Die  Deutschen,  mit  denen  Shaona  sich  so  oft  wie  möglich  unterhielt,  um  ihre  Deutschkenntnisse  zu  verbessern,  konnten  gar  nicht  versehen,  wieso  sie  so  gespannt  auf  schlechtes  Wetter,  Schnee  und  Eis  war.   In  New  Dheli  hatte  sie  den  Batchalor  in  economics  mit  einer  durchschnittlichen  Note  abgeschlossen.   Nie  hätte  sie  sich  träumen  lassen,  aus  Deutschland  eine  Greencard  zuerhalten.   Seit  2002  gab  es  in  Deutschland  fast  Vollbeschäftigung.   Aus  Deutschland  waren  extra  Jobwerber  angereist,  um  jeden,  der  Deutsch  konnte  und  Akademiker  war,  anzuwerben.   Nun  hatte  Magu  ausgerechnet  dadurch  einen  Vorteil,  dass  sie  am  entlegensten  Fleckchen  der  Welt  mitten  unter  Deutschen  groß  geworden  war.   In  Deutschland  sollte  sie  in  der  englischen  Semantikredaktion  des  FINDERS  Konsortiums  arbeiten.   Man  erklärte  ihre  Arbeit  so:  „Sie  werden die  Sprache  so  zerlegen,  wie  sie  Fisch  zerlegen.   Die  Gräten  in  die  eine  Tonne  und  die  guten  Fischstücke  in  eine  andere“.

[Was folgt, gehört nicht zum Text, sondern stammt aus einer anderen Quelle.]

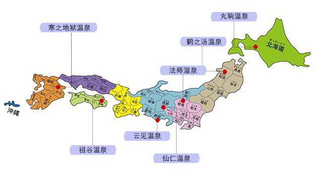 日本主要旅行目的地区位示意图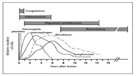 Wound is the breakdown of the structure and normal functions of the integument and its healing process. It refers to a cascade of events that begins with the trauma and ends with the complete and organized closure of the wound with the scar tissue.1-3 The skin is one of the organs most susceptible to injury and needs regeneration to restore its structure and functions, such as protective physical barrier against various environmental stimuli and infections and against excessive water loss.3-5 According to Broughton et al.5 after the skin damage, the wound process is common to all wounds, regardless of the causative agent, being systemic and dynamic and directly related to the general conditions of the organism.6,7 Wound healing is classically divided into three stages:

Richtig  verstanden  hatte  sie  es  nicht.   Aber  das  Gehalt  war  traumhaft,  richtig,  als  wäre  sie  eine  echte  Deutsche.   Nur  ein  Bruchteil  davon  würde reichen,  dass  ihre  Eltern  auf  Dhunikolhu  wie  Könige  leben  würden.   Für  ihre  Studiengebühren  hatten  Mutter  und  Vater  schwer  arbeiten  müssen.   Über  eins  war  sich  Shaona  jedoch  sicher.   Sie  würde in  ihrem  ganzen  Leben  nicht  mehr  so  viele  Fische  sehen,  wie  in  ihrer  Jugend.  

Die  Korallenriffe  würde sie  vermissen.